> Provided material:
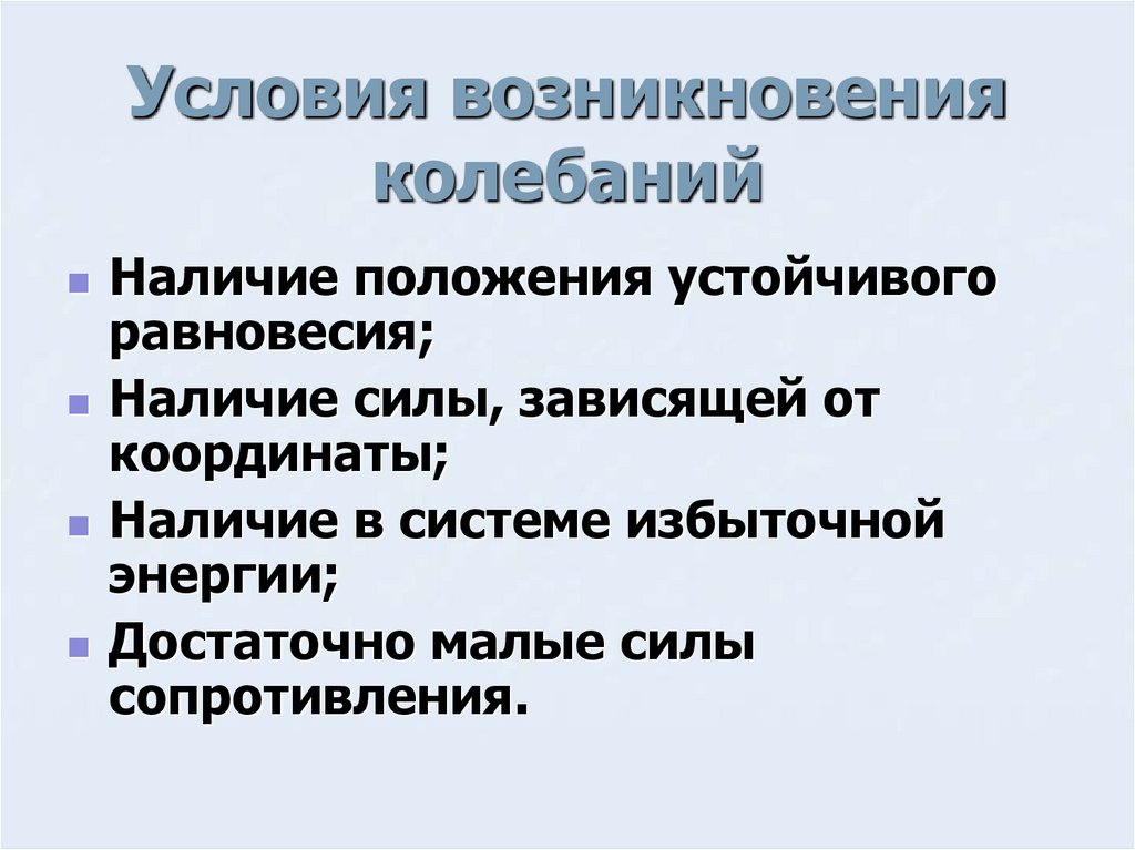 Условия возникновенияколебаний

* * *

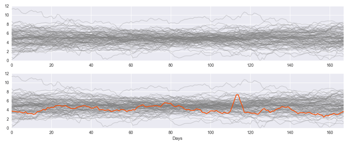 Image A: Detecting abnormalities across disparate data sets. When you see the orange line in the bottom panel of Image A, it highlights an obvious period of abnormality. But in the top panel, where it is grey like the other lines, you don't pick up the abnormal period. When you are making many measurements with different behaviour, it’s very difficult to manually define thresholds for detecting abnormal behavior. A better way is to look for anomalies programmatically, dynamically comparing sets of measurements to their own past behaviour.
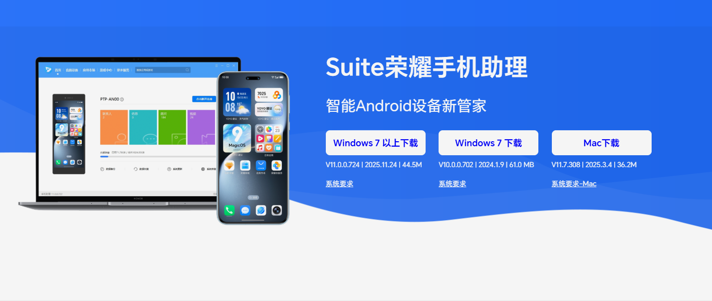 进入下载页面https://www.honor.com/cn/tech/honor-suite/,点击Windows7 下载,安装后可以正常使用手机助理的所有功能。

...

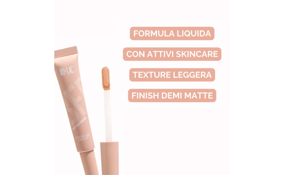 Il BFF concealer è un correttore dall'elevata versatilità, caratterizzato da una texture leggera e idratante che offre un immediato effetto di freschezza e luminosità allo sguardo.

> Task to carry out:
No picture is to be printed. Output exactly the lines above from the line containing "Image A: Detecting" through the line containing "进入下载页面https://".

> Written response:
 Image A: Detecting abnormalities across disparate data sets. When you see the orange line in the bottom panel of Image A, it highlights an obvious period of abnormality. But in the top panel, where it is grey like the other lines, you don't pick up the abnormal period. When you are making many measurements with different behaviour, it’s very difficult to manually define thresholds for detecting abnormal behavior. A better way is to look for anomalies programmatically, dynamically comparing sets of measurements to their own past behaviour.
 进入下载页面https://www.honor.com/cn/tech/honor-suite/,点击Windows7 下载,安装后可以正常使用手机助理的所有功能。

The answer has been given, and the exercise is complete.